** MATERIALS PROVIDED follows **

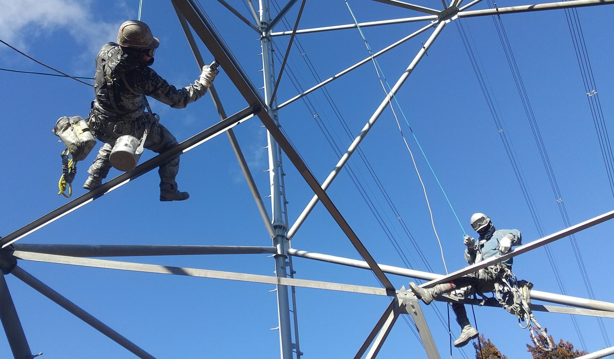 企業局の送電鉄塔防錆塗装工事にドローンを活用しました
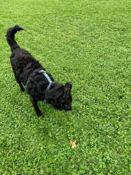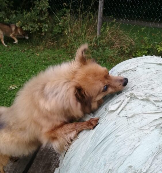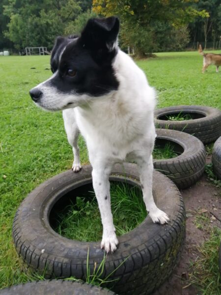 Jeanne war mit Lucky 2.0 auf dem Hundeplatz, der zuerst wie ein Blitz über die Fläche fegte. Nachdem der erste Schwung heraußen war, konnte er die Übungen an den Geräten und gegebene Kommandos konzentriert und sicher ausführen – wofür es zu seiner Freude Leckerchen gab. 🙂
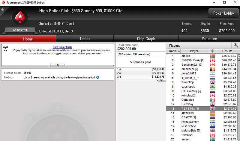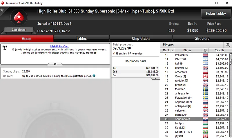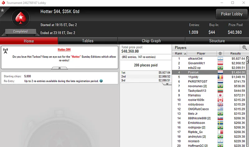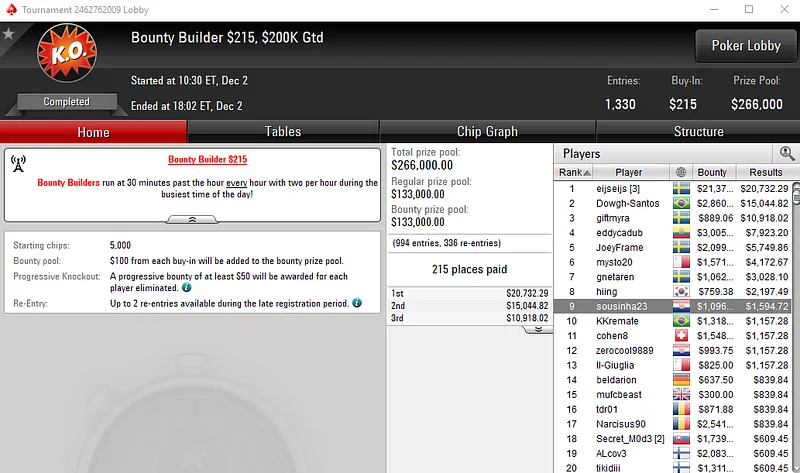 Pedro Marques foi terceiro classificado no Sunday High Roller Bounty Hunter com 249 entradas. Este torneio repartiu $253,980, com o português a receber $16,936, entre prémio e bounties.
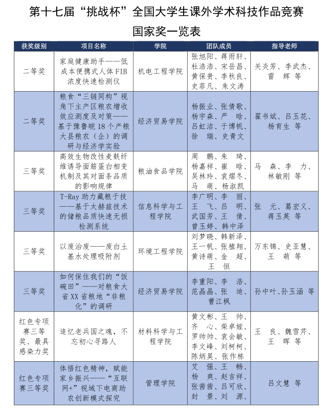 據(jù)統(tǒng)計,此次大賽我校國家獎數(shù)量在省內(nèi)本科高校名列前茅。“挑戰(zhàn)杯主體賽”國家獎占全省本科高校的16%,其中二等獎以上獲獎占全省22%。
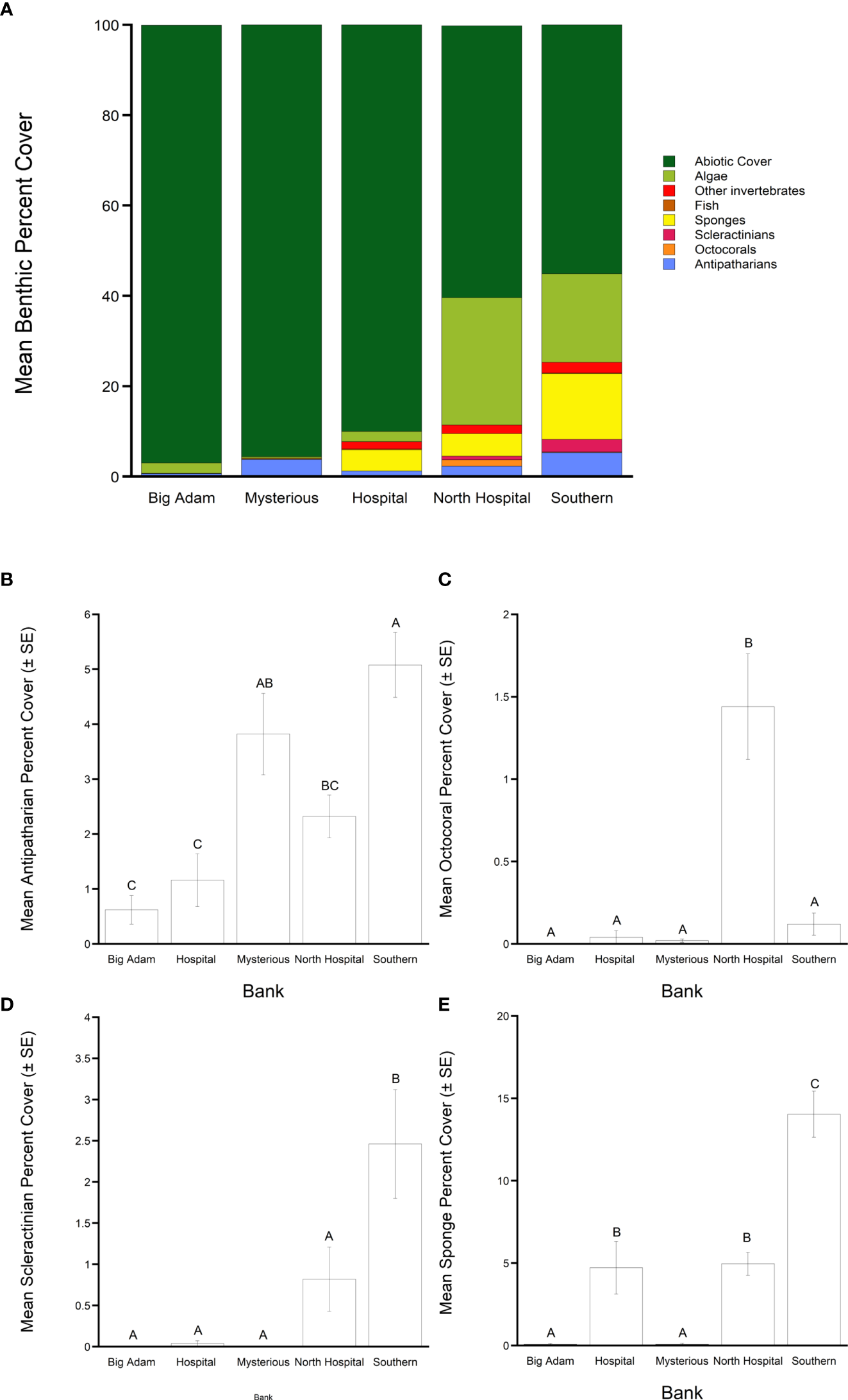 (A) Mean total percent cover of benthic groups from the five South Texas Banks surveyed. Subpanels show mean percent cover (± SE) of (B) antipatharians, (C) octocorals, (D) scleractinians, and (E) sponges. Levels not connected by the same letter are significantly different (Tukey’s HSD = >0.05).
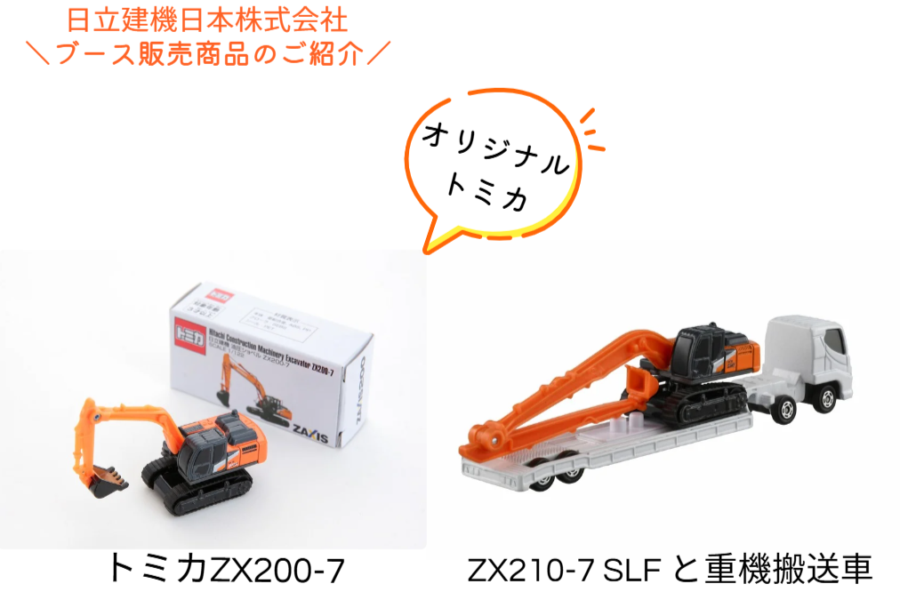 屋内では、オリジナルトミカや本格的なダイキャストモデル、そして日常でも使いたくなる重機が描かれたデザインのオリジナルラウンドバックなど、ファン心をくすぐるグッズが勢ぞろい。
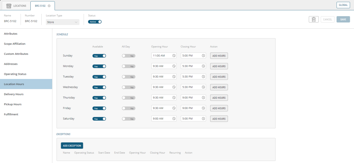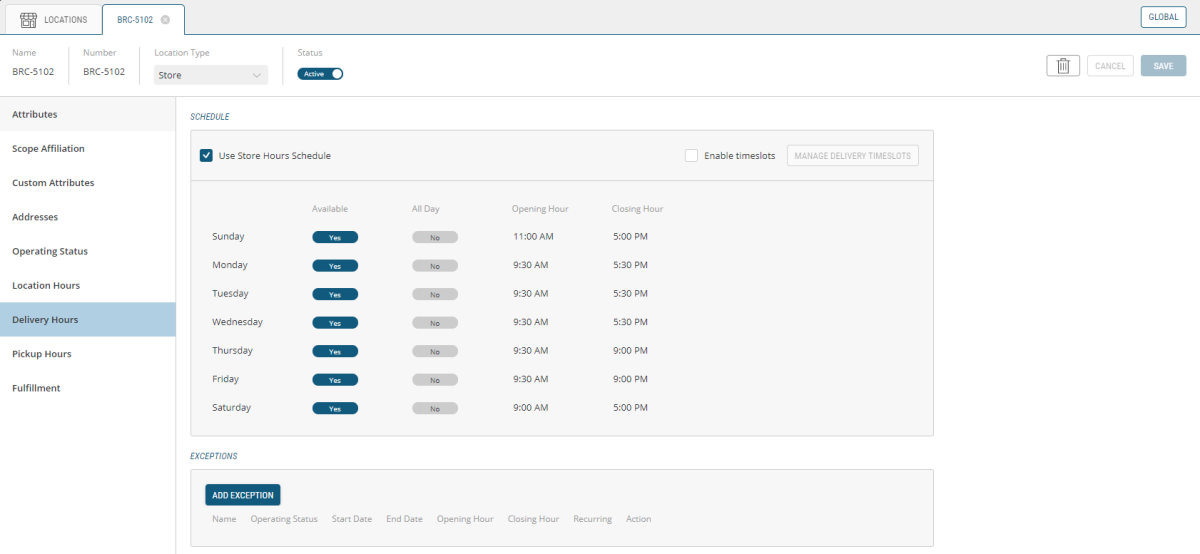 Locations each have their own account and attribute-specific parameters, which may require occasional modifying. Use the following steps to modify a location's address, scope affiliation, custom attributes, operating status, locations hours, delivery / pickup schedules and timeslot and fulfillment options.

** End of MATERIALS PROVIDED **

| WHAT TO DO |
Return all records exactly as they stand above, except for pictures.

| TASK OUTPUT |
 企業局の送電鉄塔防錆塗装工事にドローンを活用しました
 Jeanne war mit Lucky 2.0 auf dem Hundeplatz, der zuerst wie ein Blitz über die Fläche fegte. Nachdem der erste Schwung heraußen war, konnte er die Übungen an den Geräten und gegebene Kommandos konzentriert und sicher ausführen – wofür es zu seiner Freude Leckerchen gab. 🙂
 Pedro Marques foi terceiro classificado no Sunday High Roller Bounty Hunter com 249 entradas. Este torneio repartiu $253,980, com o português a receber $16,936, entre prémio e bounties.
 據(jù)統(tǒng)計,此次大賽我校國家獎數(shù)量在省內(nèi)本科高校名列前茅。“挑戰(zhàn)杯主體賽”國家獎占全省本科高校的16%,其中二等獎以上獲獎占全省22%。
 (A) Mean total percent cover of benthic groups from the five South Texas Banks surveyed. Subpanels show mean percent cover (± SE) of (B) antipatharians, (C) octocorals, (D) scleractinians, and (E) sponges. Levels not connected by the same letter are significantly different (Tukey’s HSD = >0.05).
 屋内では、オリジナルトミカや本格的なダイキャストモデル、そして日常でも使いたくなる重機が描かれたデザインのオリジナルラウンドバックなど、ファン心をくすぐるグッズが勢ぞろい。
 Locations each have their own account and attribute-specific parameters, which may require occasional modifying. Use the following steps to modify a location's address, scope affiliation, custom attributes, operating status, locations hours, delivery / pickup schedules and timeslot and fulfillment options.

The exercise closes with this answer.